Simple, local fare at the G20 dinner tonight
Jamie Oliver is feeding the Obamas and the rest of the G-20 band (along with some “huh?” people like Naomi Campbell) dinner tonight. G-20 spouses dine close by, with Michelle sitting beside JK Rowling, I am so jealous!

Here’s Jamie’s simple but delicious menu:
Starter
Organic salmon from Shetland, served with samphire and sea kale, a selection of vegetables from Sussex, Surrey and Kent, and Irish soda bread.
or
Goat’s cheese starter (v)
Main course
Slow-roasted shoulder of lamb from the Elwy Valley in north Wales, with Jersey Royal potatoes, wild mushrooms and mint sauce.
or
Lovage and potato dumplings for the main course (v)
Dessert
Bakewell tart and custard
While not vegetarian, Jamie Oliver’s food is very appealing to me. He’s known for being anti-processed foods and for sourcing ingredients from local farmers and serving simple food made from scratch. (Sounds good to me, mostly I dislike anything junky, though when stressed out I do have a tendency to eat bags of gummy worms and Cheez-its. Invariably I feel like rummaging down my throat and barfing afterwards, a good indication that they’re really not very good for you.)

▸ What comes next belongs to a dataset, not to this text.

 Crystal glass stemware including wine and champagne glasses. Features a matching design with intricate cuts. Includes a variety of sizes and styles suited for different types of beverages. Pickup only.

I try to eat healthy and succeed most of the time. Luckily my mom lives ten minutes away and she makes fresh vegetarian dishes just for me. But I have an aversion to cooking. (Note: Ironically I’m a pretty decent cook since my mom made us girls cook when we were young. There was no training, it was “watch, learn and do.” So I can make most Filipino dishes with no need of recipes and I can follow a recipe fairly well.) I know, I know, cooking in versus dining out just has so many benefits, it’s healthier, greener, cheaper, really just MUCH BETTER, so recently I picked up my wok and wooden spatula and took it up again. (Another note: I was also getting tired of buying lunch from the deleterious deli in my office building; in my first week at my new job I spent about $7 a day for lunch (a banana and a not very good sandwich.) This past week I’ve been brown-bagging my leftovers. A coworker salivates from the good food smells when I microwave my lunches.

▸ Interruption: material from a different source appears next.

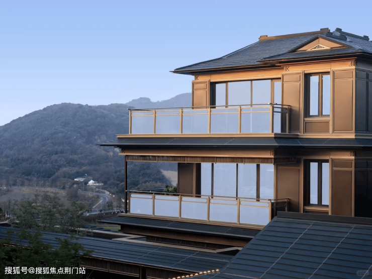 建筑立面:古今交融的诗意表达:外立面以香槟金铝板为基调,搭配蓝眼睛石材与玻璃幕墙,融合传统歇山重檐、纳福悬鱼等元素,既保留宋式建筑的对称美学,又赋予现代建筑的轻盈通透。合院组团采用三面庭院设计,L型景观面与环绕式檐廊,将超山梅影、丁山湖光引入每一扇窗景!

Whenever possible I try to use organic veggies and unprocessed ingredients. It’s so easy sauté mixed vegetables or bake them in the oven. Either that or I make my own salad.I heard on the radio the other day (I forget which show) that packed lunches are 30% healthier , and have a third of calories and a third of the price compared to eating out.

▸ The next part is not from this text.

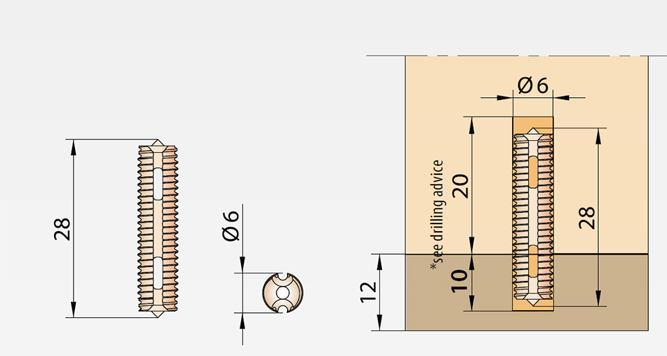 Les rainures longitudinales et les deux trous assurent une fixation solide dans le matériau.

Let’s see if this works for the meal I made last night.
Last night I made Pad See Ew, my favorite Thai noodle dish. My first time to make it, I decided to put my own spin to it, and immodestly I can say it turned out quite well. (I’m eating leftovers now at my desk and it’s still good!)
I based my concoction on this recipe, which I largely followed, with some changes: I used Chinese broccoli and added carrots, pulsed peanuts and sesame oil to the mix. Just because I love them
Here’s how it compares to an order at Busara:
- Two servings for me
- Pretty good but I’ve got no idea how many calories
- 11.99 + tax+tip
= Total $18.00/2 servings= $9.00/serving
My recipe:
- 3 servings
- All ingredients whole and mostly organic
- 30 minutes prep and cooking time
- 509 calories/serving
- $4.59 for everything /3
= $1.53/serving
I’ll post the fat and sodium count next time, but since I made it I can tell you it won’t be much.
Not bad huh?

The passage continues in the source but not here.